Raw data
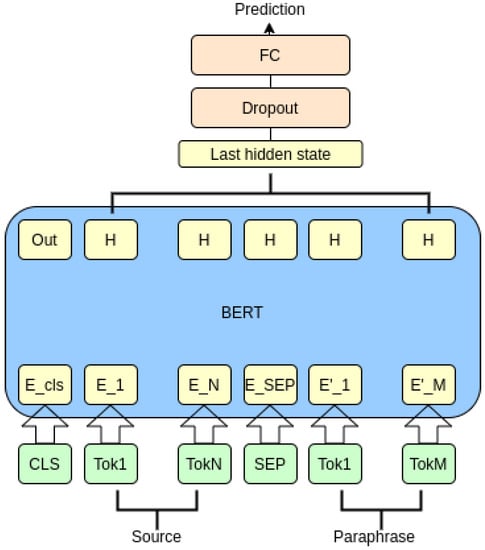 The third model relies on a pretrained BERT-based model from the Huggingface library []. For simplicity, a small version of BERT was used (identified as “bert-base-cased”). This model is composed of 12 layers comprising 110 million parameters and was trained on English texts from the BookCorpus and English Wikipedia. The two input sentences are passed to the model as a single string delimited by a special separator. The output of the BERT model goes into a Dropout layer, followed by a fully connected (FC) layer, which makes the final 2-class or 3-class predictions, as shown in Figure 3. In case of transfer learning experiments, this final layer was replaced by a random layer, keeping the remainder of the ensemble unchanged. Different learning rates were considered for BERT and FC components in order to help the model learn new patterns, while keeping as much as possible of the initial BERT pretrained knowledge.
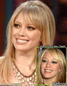 Há rumores de que Hilary Duff lascou o dente em um microfone e optou por fazer uma faceta em todos os dentes, ao invés de só mexer no dente lascado.
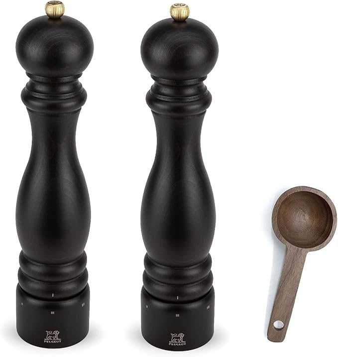 Peugeot Paris u'Select 6 Setting Manual beechwood Salt & Pepper Mill Set With Wooden Spice Scoop Made In France (Chocolate, 12- Inch)
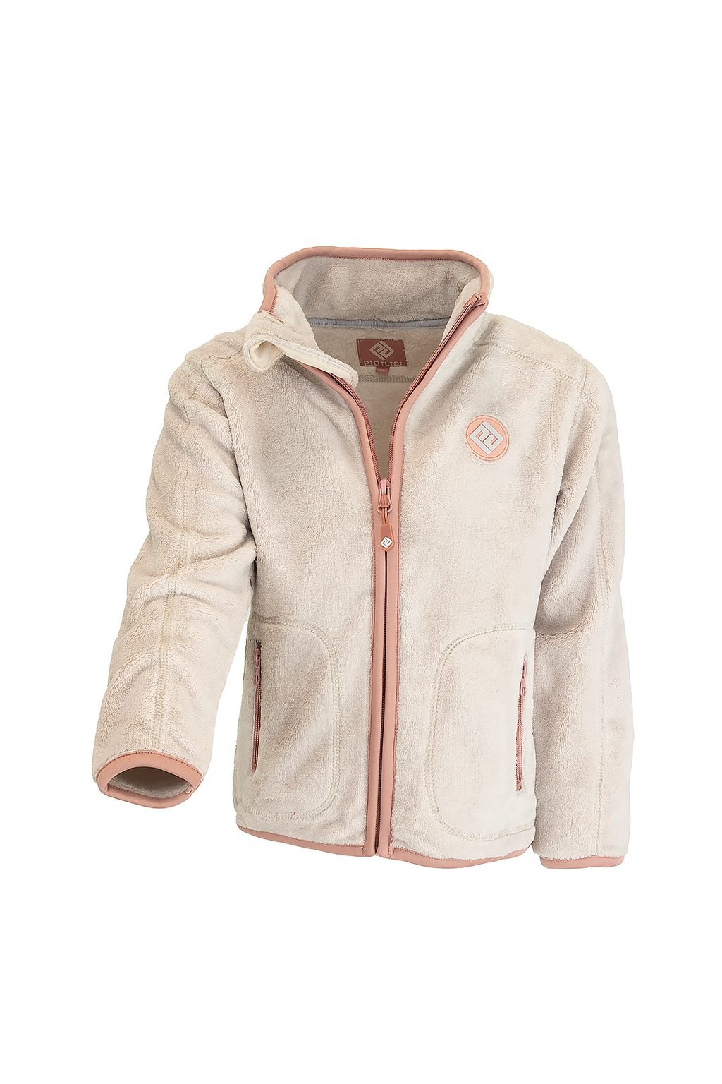 Dětská propínací chlupatá mikina v béžové barvě. Stojací límec, dvě kapsy, barevné kontrastní lemy.

Activity
With pictures left out, print the lines of the material above from the line containing "Peugeot Paris u'Select" through its last line, exactly and nothing more.

Answer to the exercise
 Peugeot Paris u'Select 6 Setting Manual beechwood Salt & Pepper Mill Set With Wooden Spice Scoop Made In France (Chocolate, 12- Inch)
 Dětská propínací chlupatá mikina v béžové barvě. Stojací límec, dvě kapsy, barevné kontrastní lemy.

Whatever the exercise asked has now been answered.